DESCRIPTION OF THE TASK:
Each record is to be printed again exactly, though not its pictures.
(AVAILABLE RECORDS begins)
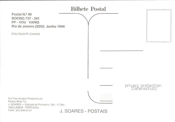 Flugzeuge Zivil Varig Boeing 737-341 PP-VOU postalisch nicht gelaufen Erhaltung siehe scans
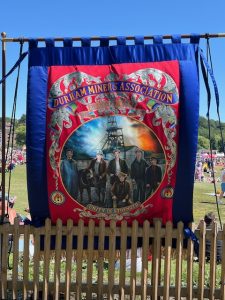 Arising from the last gala I previously mentioned the visual image of Flack, the last pit pony to work in a British coal mine, ‘retired’, like other animals in 1994, & displayed in a poster. But now clearly presented on a Bearpark lodge banner was an image of a former horse alongside the men who also worked there. While such a situation was very difficult for horses in the pits, it seems here the joint animal – human activity was being clearly remembered – and now historically displayed.
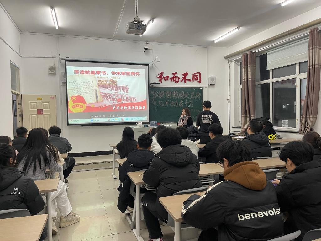 11月10日晚上,艺术与体育学院团总支于一号教学区A区1402教室开展以“重读抗战家书 传承家国情怀”为主题的宣传教育活动,此次活动由艺术与体育学院团总支组织部部长李远娜主持,共66余人参加。
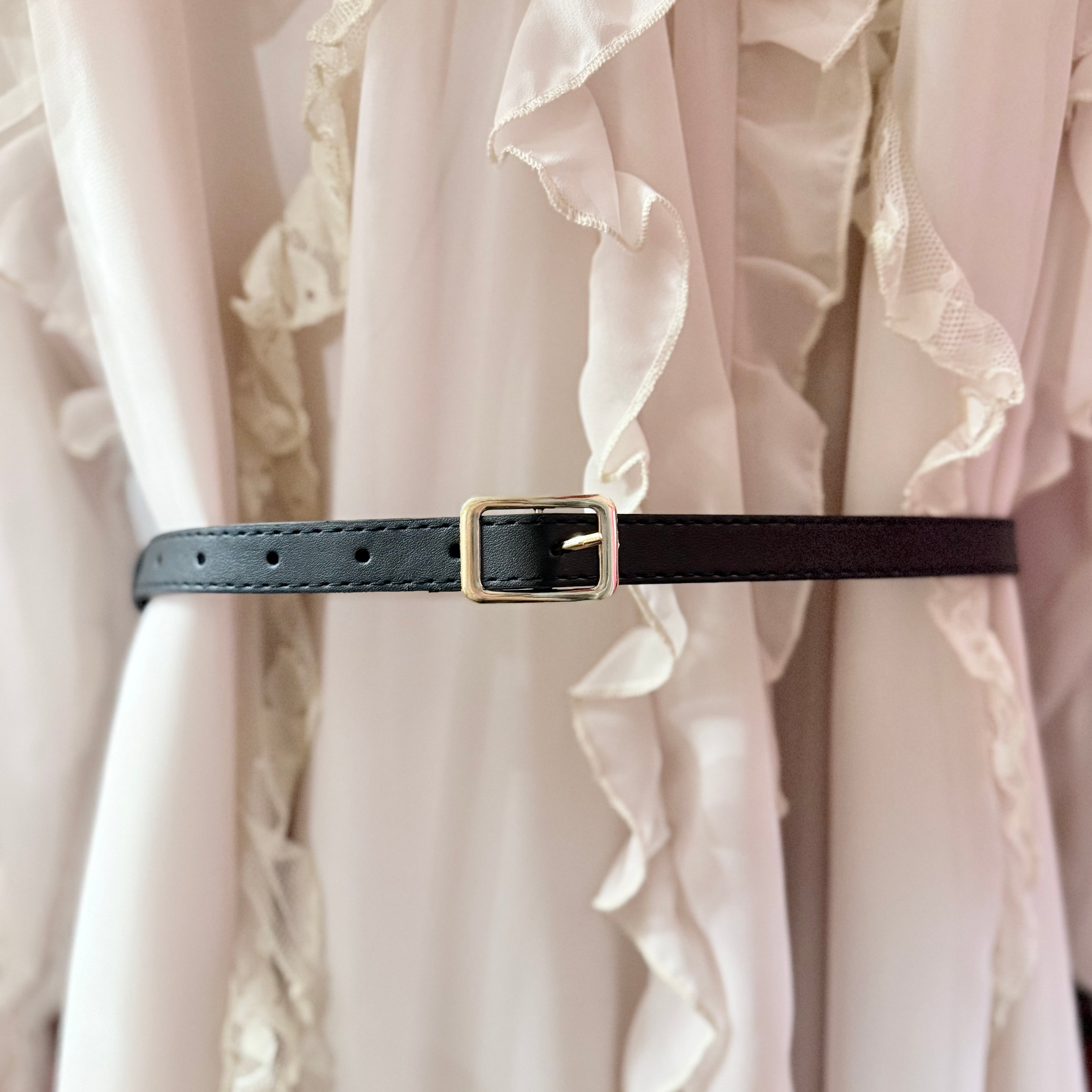 ベルトを付けると腰の位置を高く見せ自然とスタイルアップできます
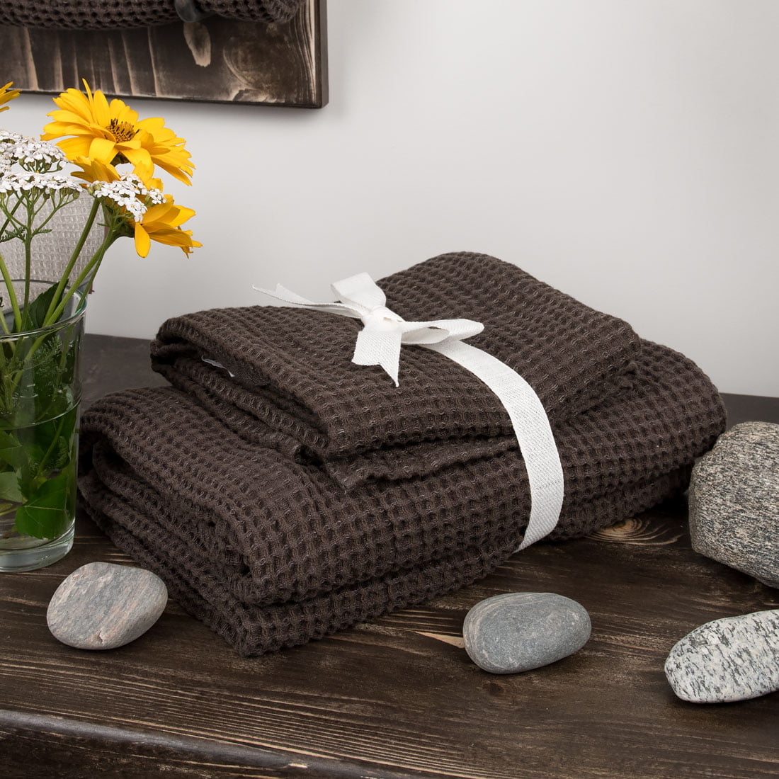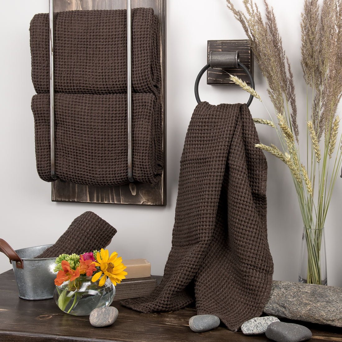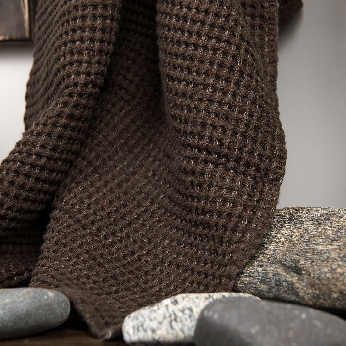 Tamsiai rudos spalvos vonios (pirties) rankšluostis iš specialia technologija skalbto ''vaflinio'' raštu austo lino / medvilnės sudėties audinio. Storas, tankus, gerai sugeriantis drėgmę, patvarus ir švelniai masažuojantis. Su kilpute pakabinimui.
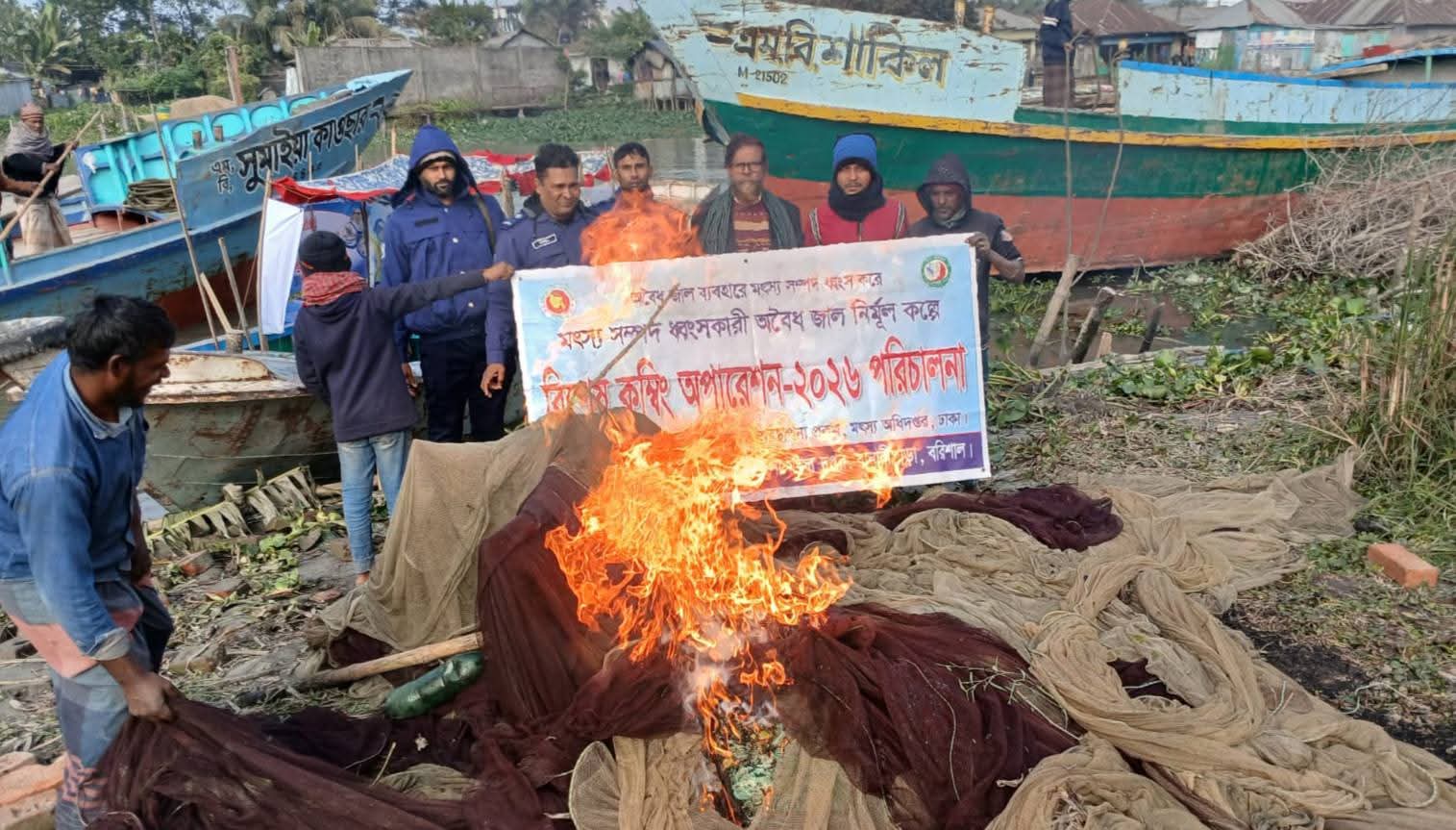 বরিশালে নিষিদ্ধ ঘোষিত সকল প্রকার অবৈধ জাল উদ্ধারে বিশেষ কম্বিং অভিযান
(AVAILABLE RECORDS ends)
EXPECTED ANSWER:
 Flugzeuge Zivil Varig Boeing 737-341 PP-VOU postalisch nicht gelaufen Erhaltung siehe scans
 Arising from the last gala I previously mentioned the visual image of Flack, the last pit pony to work in a British coal mine, ‘retired’, like other animals in 1994, & displayed in a poster. But now clearly presented on a Bearpark lodge banner was an image of a former horse alongside the men who also worked there. While such a situation was very difficult for horses in the pits, it seems here the joint animal – human activity was being clearly remembered – and now historically displayed.
 11月10日晚上,艺术与体育学院团总支于一号教学区A区1402教室开展以“重读抗战家书 传承家国情怀”为主题的宣传教育活动,此次活动由艺术与体育学院团总支组织部部长李远娜主持,共66余人参加。
 ベルトを付けると腰の位置を高く見せ自然とスタイルアップできます
 Tamsiai rudos spalvos vonios (pirties) rankšluostis iš specialia technologija skalbto ''vaflinio'' raštu austo lino / medvilnės sudėties audinio. Storas, tankus, gerai sugeriantis drėgmę, patvarus ir švelniai masažuojantis. Su kilpute pakabinimui.
 বরিশালে নিষিদ্ধ ঘোষিত সকল প্রকার অবৈধ জাল উদ্ধারে বিশেষ কম্বিং অভিযান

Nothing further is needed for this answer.